The New Nation, Bangladesh

FTA with neighbours


21 July 2005

THE Ministry of Commerce has decided to engage consultants to conduct a study and identify benefits and possible risks of signing bilateral trade agreements like Free Trade Agreement (FTA) with neighbouring countries. Free trade agreement is for allowing barrier-free trade among nations in the era of globalisation. FTA has both positive and negative effects on the domestic industrial sector of any country. If the bad effects outweigh the good ones then FTA should not be implemented in the greater interest of the country. Notably, the multilateral South Asia Free Trade Agreement (SAFTA) is supposed to be launched from January 2006 within the SAARC region.

Bangladesh needs to have certain principles based on correct evaluation to support the industrial sector before implementing SAFTA. Whether it will sign bilateral free trade agreements with all its neighbouring countries is a very important question at the moment.
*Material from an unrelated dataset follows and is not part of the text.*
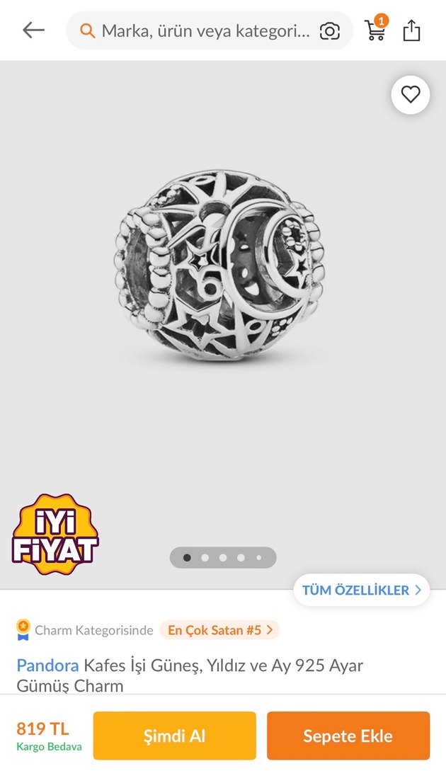 925 ayar gümüşten yapılmış, güneş, yıldız ve ay desenli Pandora charm. Orijinal sorunsuz

All the countries in the South Asian Association for Regional Cooperation (SAARC) may not prove to be beneficial to Bangladesh if it engages in trade with them through SAFTA. A thorough study is thus needed to be certain about the prospects and risks of FTA with neighbouring countries. The ministry has taken a good decision to engage consultants to do the study.

Usually various types of tax barriers are created on imports to protect domestic industries with a view to saving those from external shocks though it is contrary to the globalisation concept. There are many industries in Bangladesh, which are not as strong as those in India. Indian poultry industry is very strong. Indian eggs, chicks, and poultry feeds are cheaper than Bangladeshi ones because of the strength of poultry industry there. If FTA is implemented between the two countries, the poultry industry in Bangladesh will be all but destroyed. Most of the investors in the poultry industry will then be compelled to either shut down their units or start marketing Indian poultry products.

To protect the domestic industries from external shocks Bangladesh has to take intelligent decisions in respect of implementation of FTA with SAARC nations. The country needs to effectively utilise the findings of the study to be able to benefit from SAFTA. Calculated steps are needed before allowing free trade in areas where FTA may not prove useful. The study being undertaken by the Ministry of Commerce needs to clearly identify the net effects of FTA with different SAARC nations. It should be precise enough in proper identification of benefits as well as risks. The ministry needs to take all steps with a view to ensuring accuracy of findings of such an important study.